In one corner of the venue, a range of Palestinian products was displayed on a table: thyme, olive oil, green olives, Palestinian flags and shawls, and brochures for an exhibition at the Palestine Museum Bristol. The bold celebration of Palestinian heritage heightened my curiosity about the logic behind the festival: why did it choose to screen films funded by Israel, including In Between, Maha Haj’s Personal Affairs (2016) and Junction 48 (2016) by Israeli-American director Udi Aloni?
It all started when festival founder David Owen traveled to Palestine eight years ago to train a local football team, according to British producer Alison Sterling, who has organized the event for the past two years. “The experience changed him and filled him with an anger that he wanted to put to use by shedding light on Palestine and its stories,” she says. “He wanted to give the UK audience a chance to see for themselves how Palestinians really lived, and to recognize the historical role the UK played in the situation.”
Sterling also expressed her enthusiasm for the cause, citing her two visits to Israel and Palestine. On one occasion she went with her daughter, who was doing research in the Aida Camp in Bethlehem, and walked the historic Abraham Path from Nablus to Bethlehem. Both she and Owen found Bristol to be a receptive crowd, describing the city’s residents as open minded and somewhat radical. This year, the festival showed seven feature films, with an average of 100–150 audience members at each screening. “It is a small but interested crowd,” she says.
When I asked Sterling about the films funded by Israel, she replied that there isn’t a wide range of films produced in Palestine every year, so the festival’s only criteria is for the films to be reflective of Palestinian reality with all its complexities and with no political filtering. “In Between and Personal Affairs are the first films by two Palestinian female directors who live inside Israel, and were suggested to us by Hana Atallah from Filmlab Palestine,” she says. “I am very aware that as a UK citizen I do not live under the same circumstances, so I am not in a place to judge these women’s choices.”
She outlines the festival’s programming criteria. “We try to take into consideration the broad guidelines of BDS, and one theory put forward by Omar Barghouti [BDS co-founder] holds that Palestinian artists who live in Israel pay taxes, and therefore this funding is their right. Especially given that they are not supportive of the state,” she says. “If these films were promoting Israel, we would not have screened them.”

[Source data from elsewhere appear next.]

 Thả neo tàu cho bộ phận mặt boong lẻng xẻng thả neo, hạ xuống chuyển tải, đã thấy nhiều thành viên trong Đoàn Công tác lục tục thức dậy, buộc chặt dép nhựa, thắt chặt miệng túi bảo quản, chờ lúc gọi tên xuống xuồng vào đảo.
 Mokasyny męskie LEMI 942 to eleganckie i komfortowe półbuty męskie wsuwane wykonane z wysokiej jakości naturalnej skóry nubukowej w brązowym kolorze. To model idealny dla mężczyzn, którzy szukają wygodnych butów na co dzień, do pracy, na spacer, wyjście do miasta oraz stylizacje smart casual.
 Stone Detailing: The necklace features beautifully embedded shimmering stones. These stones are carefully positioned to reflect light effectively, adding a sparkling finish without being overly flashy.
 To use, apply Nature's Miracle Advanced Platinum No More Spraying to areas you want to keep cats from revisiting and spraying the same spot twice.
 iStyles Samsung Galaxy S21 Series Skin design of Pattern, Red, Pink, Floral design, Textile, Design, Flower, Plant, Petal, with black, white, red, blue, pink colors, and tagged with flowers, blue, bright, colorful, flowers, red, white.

In an interview with the Israeli +972 Magazine, Hamoud stated: “The state is giving me money, because I deserve to make films from the money I fucking pay [in taxes]. I’m not ashamed, and I deserve even more. And still, I would have taken money from elsewhere in order to lift the cloud of a boycott, but there’s nowhere else. So I took from the state, and the film will be screened as an Israeli-French movie, despite it being mostly Arab-Palestinian.”

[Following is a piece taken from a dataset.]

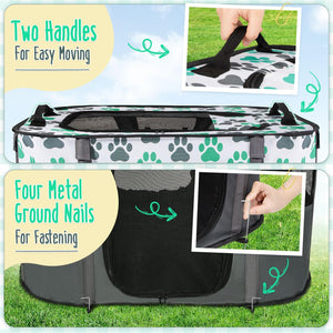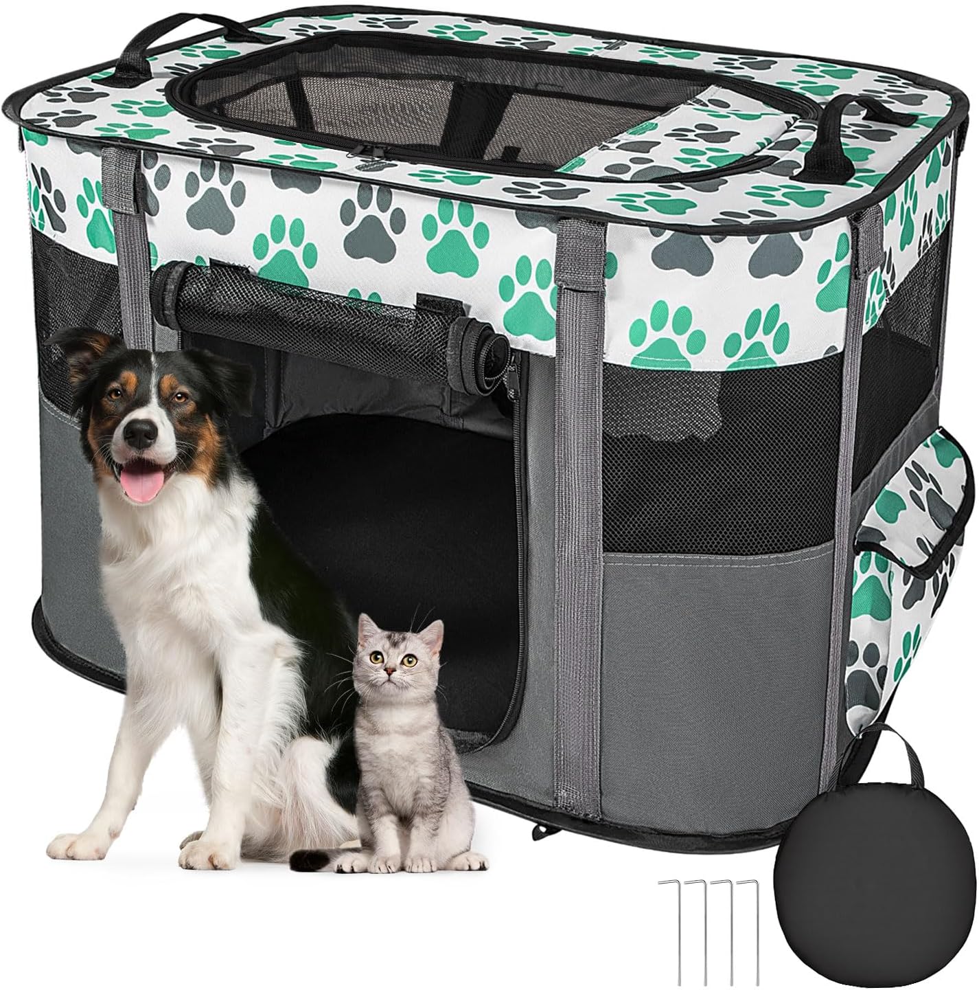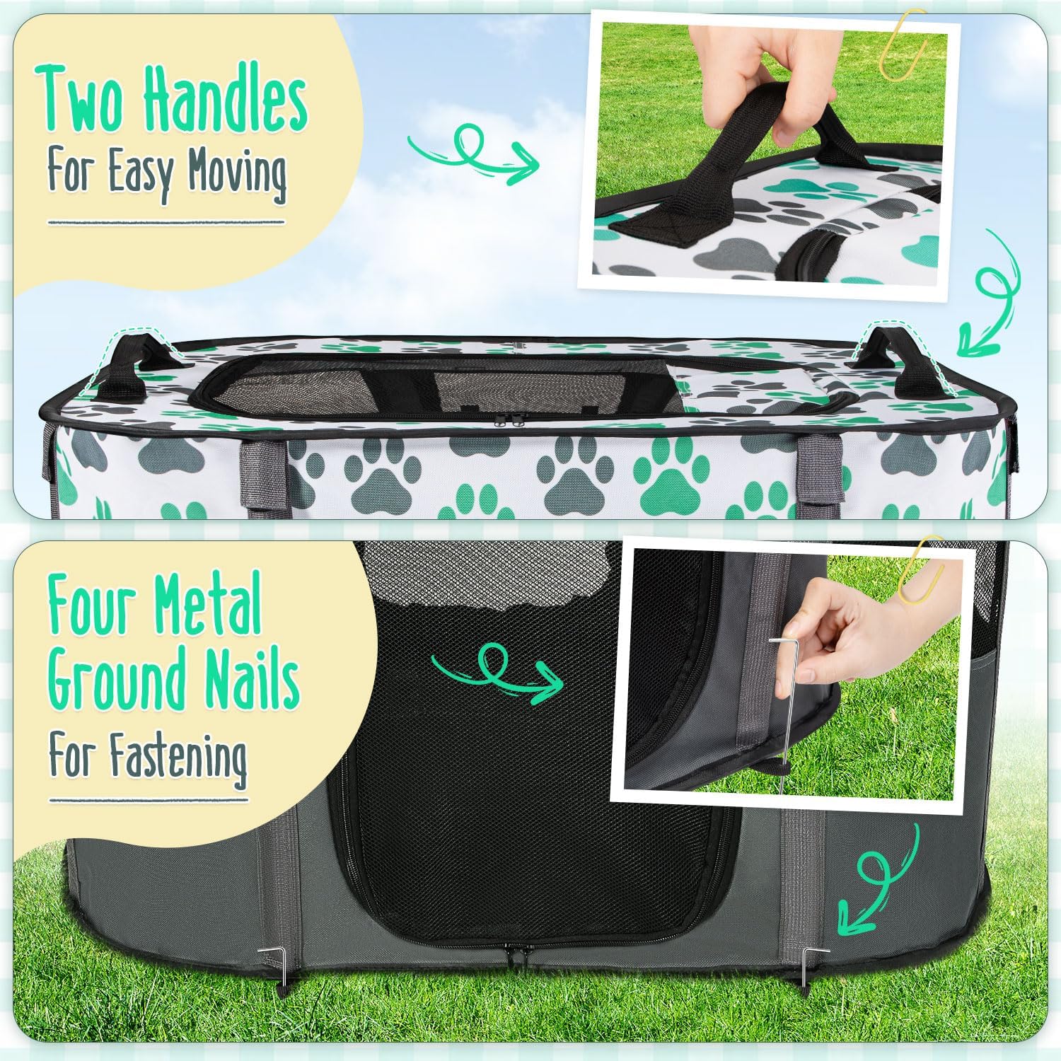 Suitable for Indoor and Outdoor Use --- The puppy playpen serves as a comfortable indoor resting place for postpartum cats or as a secure shelter for small animals. It features two top handles for easy transport and placement anywhere. The bottom is crafted from water-resistant polyester taffeta fabric, effectively preventing urine from seeping through when used indoors. Outdoors, the cat fence comes with four ground stakes for added stability.

The screening of Hamoud’s film in a Palestinian film festival poses pressing questions about the dilemma that filmmakers from Palestine face: Is pragmatism an inevitable choice? Should we seize any opportunity to make films? Can this film be programmed in a festival about a struggling Palestine whose scattered diaspora continues to organize events everywhere to promote their culture?
Regardless of how problematic the decision to treat In Between as a Palestinian film may be, it remains an important work in how it documents part of women’s history in a complicated country and a region loaded with bigger questions: Who are we? What defines us? What are our rights and how can we acquire them?
Hamoud summarized it best when she said: “Neither Israelis nor Palestinians are supposed to feel good after watching this film.”